As you print the data below, keep every line exactly as it is and leave the images behind.

Collected material:
§ §

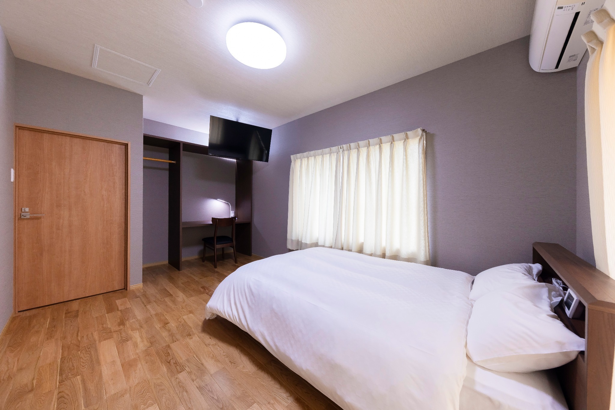 3室ある洋室には、WiFi、セミダブルベッド、スマートTV、ワークデスクや椅子があり、内鍵がついているためプライベート空間としてご利用いただけます。
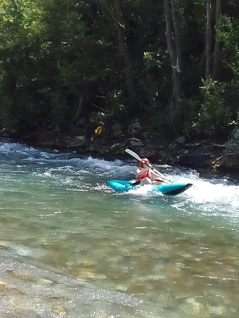 I’m not concerned about the sleeping arrangements or the lack of food—these trivialities don’t matter much when the clearest river and beautiful mountains are right outside. That afternoon, I’m wandering along the riverbank, watching Nikos send off a school trip on three large rafts. When he spots me, he offers to let me join them. Thrilled, I agree, but instead of putting me on one of the rafts, he points to a single kayak, tosses me a paddle, and gruffly asks if I’ve done it before. Lacking the courage to admit I haven’t, I nod confidently. Nikos shoves me off after the retreating rafts, and from that moment on, I’m in the hands of fate.
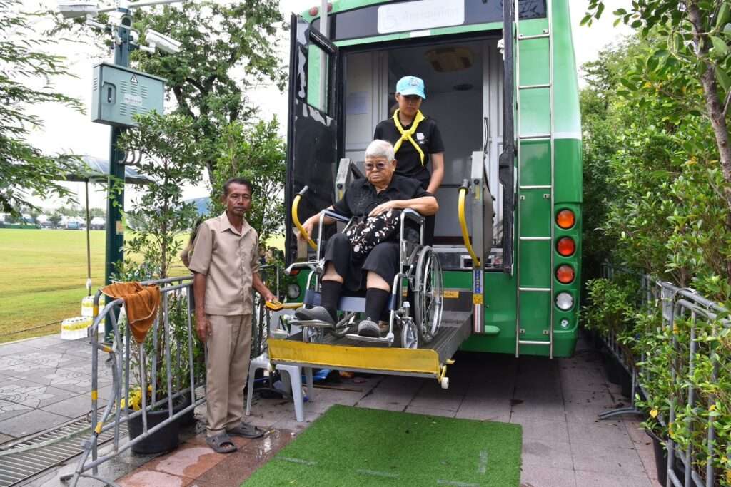 นอกจากนี้ ยังได้จัดเตรียมรถวีลแชร์และรถกอล์ฟสำหรับให้บริการผู้สูงอายุ ผู้พิการ และผู้ที่ต้องการความช่วยเหลือพิเศษ โดยมีเจ้าหน้าที่และอาสาสมัครคอยดูแลอย่างใกล้ชิด เพื่อให้ทุกคนสามารถเข้าร่วมกราบถวายบังคมได้อย่างทั่วถึงและปลอดภัย

§ §

Your response:
 3室ある洋室には、WiFi、セミダブルベッド、スマートTV、ワークデスクや椅子があり、内鍵がついているためプライベート空間としてご利用いただけます。
 I’m not concerned about the sleeping arrangements or the lack of food—these trivialities don’t matter much when the clearest river and beautiful mountains are right outside. That afternoon, I’m wandering along the riverbank, watching Nikos send off a school trip on three large rafts. When he spots me, he offers to let me join them. Thrilled, I agree, but instead of putting me on one of the rafts, he points to a single kayak, tosses me a paddle, and gruffly asks if I’ve done it before. Lacking the courage to admit I haven’t, I nod confidently. Nikos shoves me off after the retreating rafts, and from that moment on, I’m in the hands of fate.
 นอกจากนี้ ยังได้จัดเตรียมรถวีลแชร์และรถกอล์ฟสำหรับให้บริการผู้สูงอายุ ผู้พิการ และผู้ที่ต้องการความช่วยเหลือพิเศษ โดยมีเจ้าหน้าที่และอาสาสมัครคอยดูแลอย่างใกล้ชิด เพื่อให้ทุกคนสามารถเข้าร่วมกราบถวายบังคมได้อย่างทั่วถึงและปลอดภัย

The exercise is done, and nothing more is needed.